About a boy: Hamnet heads up this week’s theatre highlights

Meet Shakespeare’s lost son at the Project, and don’t be late for your own funeral in Cork

Hamnet, Dead Centre’s brilliant co-production with the Abbey

Hamnet, Dead Centre’s brilliant co-production with the Abbey

 

Hamnet
Project Arts Centre, Dublin Feb 20-23 7.30pm €26/€23 projectartscetnre.ie

Who haunted Shakespeare when he wrote Hamlet? A play so steeped in death, full of demanding fathers, hapless sons and restless ghosts, it was completed just three years after the death of Shakespeare’s young son, Hamnet. “You haven’t heard of me,” apologises the 11-year-old boy who arrives onstage in Dead Centre’s brilliant co-production with the Abbey, from 2017, alone with a hoodie and a backpack – although, like any contemporary kid, he knows he shouldn’t talk to strangers. Now starring Aran Murphy, a great young talent who joined the production for a celebrated international tour, the show is a deft meditation on being and not being, as though Shakespeare himself was haunted by Beckett.

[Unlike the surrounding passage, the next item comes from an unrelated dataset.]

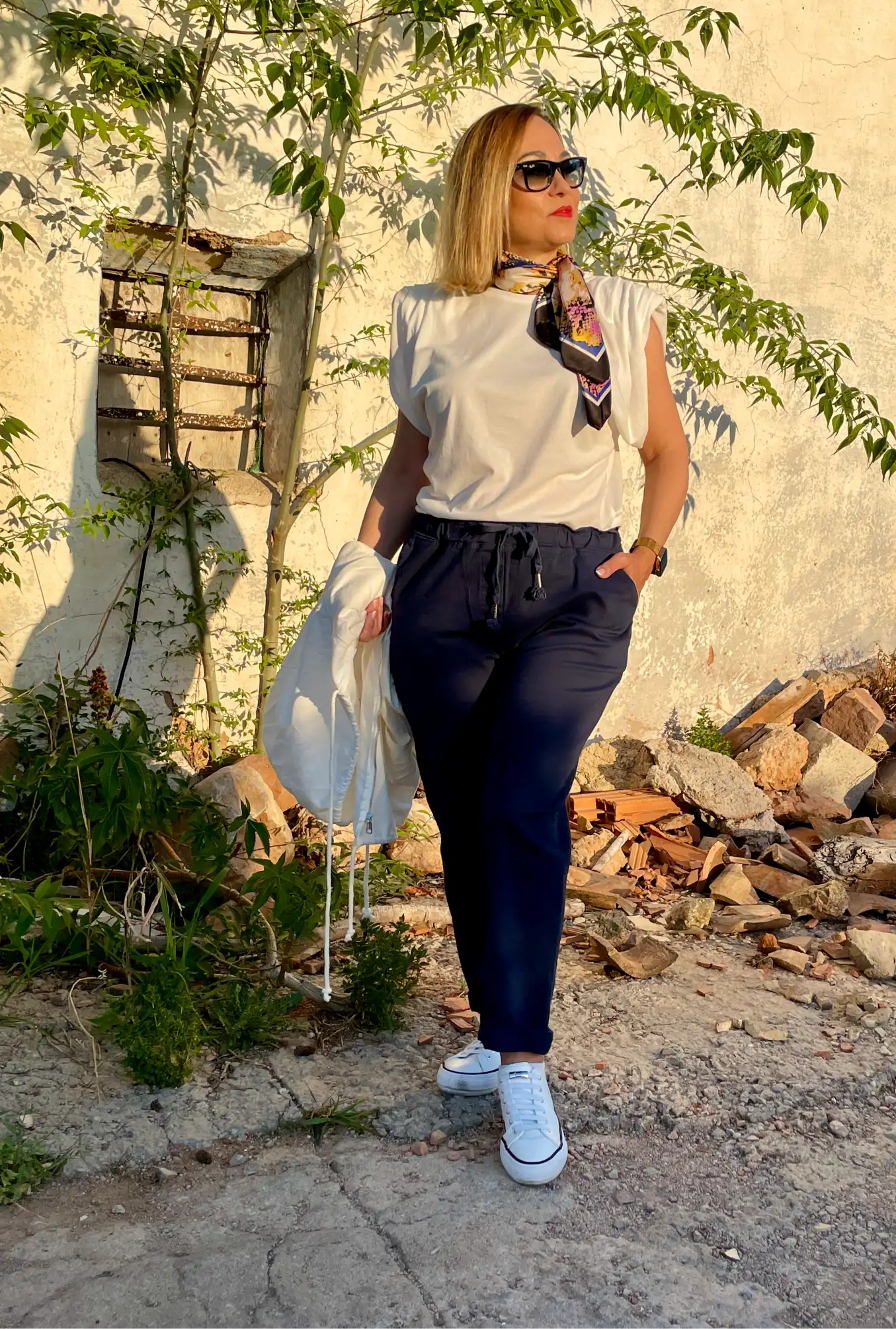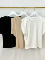 Camiseta básica con grandes hombreras fruncidas. Disponible en blanca, beige y negra

But the kid is still a kid – playfully interacting with the audience, asking Google for worldly explanations, singing Johnny Cash (“It’s hard when you sound like an angel”) – while somehow representing a multitude of big things: the rush to grow up, the ambition to be a great man, the coarsening of modern culture, all our proud inheritances and irretrievable losses. We’re often expected to see ourselves in Shakespeare, but directors Bush Moukarzel and Ben Kidd make a disarming entreaty that we see ourselves in Hamnet, a forgotten child, frozen in time, finally seen and heard.

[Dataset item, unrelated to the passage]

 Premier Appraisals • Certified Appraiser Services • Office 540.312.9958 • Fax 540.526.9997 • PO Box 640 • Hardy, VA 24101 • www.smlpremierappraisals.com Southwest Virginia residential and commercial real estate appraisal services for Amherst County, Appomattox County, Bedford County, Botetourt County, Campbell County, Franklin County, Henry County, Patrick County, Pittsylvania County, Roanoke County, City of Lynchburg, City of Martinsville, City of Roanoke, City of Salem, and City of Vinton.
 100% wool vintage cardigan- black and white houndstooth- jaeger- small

This is the Funeral of Your Life. Photograph: Emilia Krysztofiak/Rua Photography
This is the Funeral of Your Life. Photograph: Emilia Krysztofiak/Rua Photography

This is the Funeral of Your Life
Everyman Theatre, Cork Feb 25-26 8pm €20/€18

In late 2017, the director Louise White premiered a new work inspired by the death and funeral of her father a few years before. It was not an entirely sombre affair. That had something to do with the disparate but considered elements of performance, a grab-bag collection of interdisciplinary performers who all spoke a common, witty language, and devices that had been refined over several previous productions, ranging from the entrancing and stately to the unremittingly playful. But it also had something to do with the nature of grief itself, sadly inevitable yet somehow wildly unpredictable. Why, then, should a funeral have to be zero craic?

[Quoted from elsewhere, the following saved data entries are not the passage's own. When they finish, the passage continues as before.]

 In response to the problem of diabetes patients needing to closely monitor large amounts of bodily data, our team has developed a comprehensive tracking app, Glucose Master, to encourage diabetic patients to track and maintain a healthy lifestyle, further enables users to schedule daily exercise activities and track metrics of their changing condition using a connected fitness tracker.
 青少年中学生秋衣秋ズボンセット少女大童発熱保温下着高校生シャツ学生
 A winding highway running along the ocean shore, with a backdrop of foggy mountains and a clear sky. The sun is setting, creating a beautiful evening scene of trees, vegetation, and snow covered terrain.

Here, an actor, a dancer and a musician hold the stage in a delicately involving curation of your own funeral, exploring the possible tones, structures and acts of mourning. In short, here are the alternative stages of grief. Much of the show is gently comic, but it pushes us stealthily towards the significance of funeral rites, testing music to refrain from anything to sprightly or too much of a dirge, preparing sandwiches and tea and, at one stage, performing a dance of death. It is, however, much more of an enquiry into the complicated business of living. Personable, involving and celebratory, it’s the funeral you would have wanted.